— Input data —
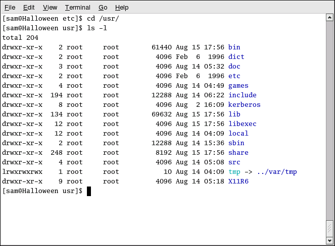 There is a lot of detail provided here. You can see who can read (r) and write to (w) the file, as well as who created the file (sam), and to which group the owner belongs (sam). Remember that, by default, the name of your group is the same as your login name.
--
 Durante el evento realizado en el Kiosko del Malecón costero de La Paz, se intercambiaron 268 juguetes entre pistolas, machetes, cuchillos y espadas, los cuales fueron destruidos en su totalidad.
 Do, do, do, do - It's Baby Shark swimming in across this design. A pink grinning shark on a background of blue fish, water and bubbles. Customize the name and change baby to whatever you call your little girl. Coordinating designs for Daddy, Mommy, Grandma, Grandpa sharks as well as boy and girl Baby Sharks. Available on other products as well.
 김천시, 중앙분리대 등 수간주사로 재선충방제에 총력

— Problem —
Retype only the lines above between the line with "Durante el evento" and the line with "김천시, 중앙분리대 등 수간주사로 재선충방제에 총력", counting those two lines as well, and keep every character as it is.

— Final answer —
 Durante el evento realizado en el Kiosko del Malecón costero de La Paz, se intercambiaron 268 juguetes entre pistolas, machetes, cuchillos y espadas, los cuales fueron destruidos en su totalidad.
 Do, do, do, do - It's Baby Shark swimming in across this design. A pink grinning shark on a background of blue fish, water and bubbles. Customize the name and change baby to whatever you call your little girl. Coordinating designs for Daddy, Mommy, Grandma, Grandpa sharks as well as boy and girl Baby Sharks. Available on other products as well.
 김천시, 중앙분리대 등 수간주사로 재선충방제에 총력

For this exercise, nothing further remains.